Instead, the agency has focused on digital services and self-help, a less-costly approach that “flies in the face” of data that show taxpayers prefer human interaction, Olson wrote.

“Pushing taxpayers to digital applications only exacerbates the taxpayer anxiety.”

Rettig told a New York University tax conference on Thursday in New York that improving taxpayer service is one of his top priorities. “What we’re trying to do is get to best-in-class service equivalent to what people get when they call an online retailer,” he said.

Olson directed some of her sharpest criticism to a new component of the agency’s 2018-2022 strategic plan that established measuring how well the IRS treats taxpayers by how often they forgo a human interaction in favor of a so-called self-assistance “service channel,” like the IRS website or automated calls with lengthy menu choices.

“The taxpayer wants answers and instead gets a runaround,” she wrote. The Trump administration has requested a 5% increase in funding for enforcement and a 6.6% decrease in funding for taxpayer services.

Plan Sought

Under a “Taxpayer First Act” measure that passed Congress and is awaiting President Donald Trump’s signature, the IRS would be required to present a comprehensive customer service strategy to Congress within one year.

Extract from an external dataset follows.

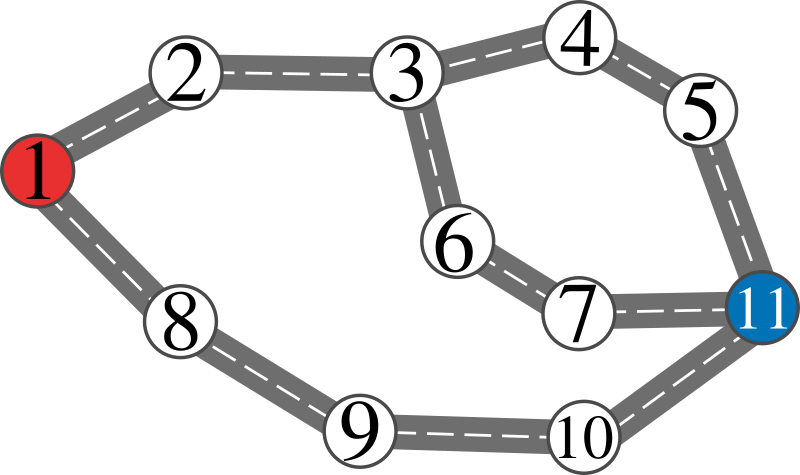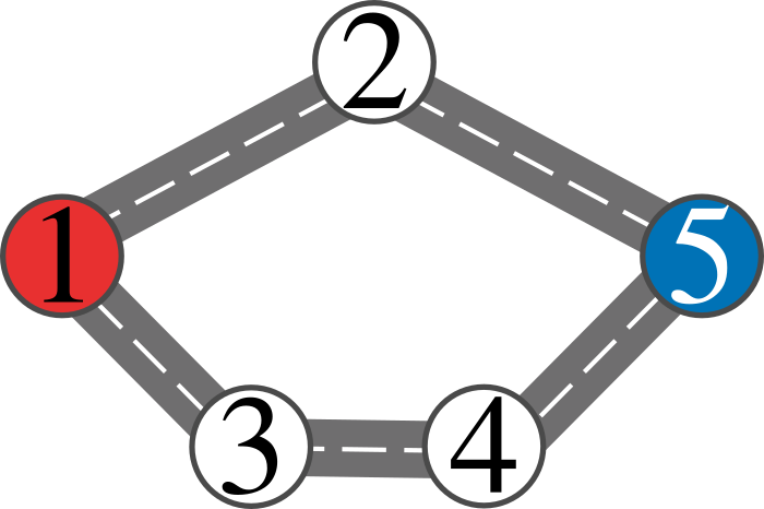 注意,警察的最优策略是等待球迷俱乐部到达目的地(即顶点 5)的相邻顶点,然后封锁连接该顶点与目的地的边。球迷俱乐部的最优策略是沿上方的路径走(从 1 到 2),在看到 2 到 5 之间的边被封锁后,他们会折返经过 2 回到 1,然后沿下方的路径(1 到 3 到 4 到 5)走。在这种情况下,经过的道路总数为 5。

“The IRS should use that requirement as an opportunity to think creatively about better ways to truly put ‘taxpayers first,’” Olson said.

Olson also proposed that the IRS employ an "Economic Hardship Indicator" to use “as a factor in prioritizing and categorizing collection cases." Currently, the agency “doesn’t screen for ability to pay before it takes collection actions, thereby causing or worsening financial hardships for financially vulnerable taxpayers.”

The agency “routinely” puts delinquent taxpayers into onerous installment agreements that don’t allow them to pay their basic living expenses, she wrote. The Internal Revenue Code, she added, requires the IRS to "release any levy where a taxpayer is experiencing economic hardship" and to craft a payment plan that includes "allowable living expenses."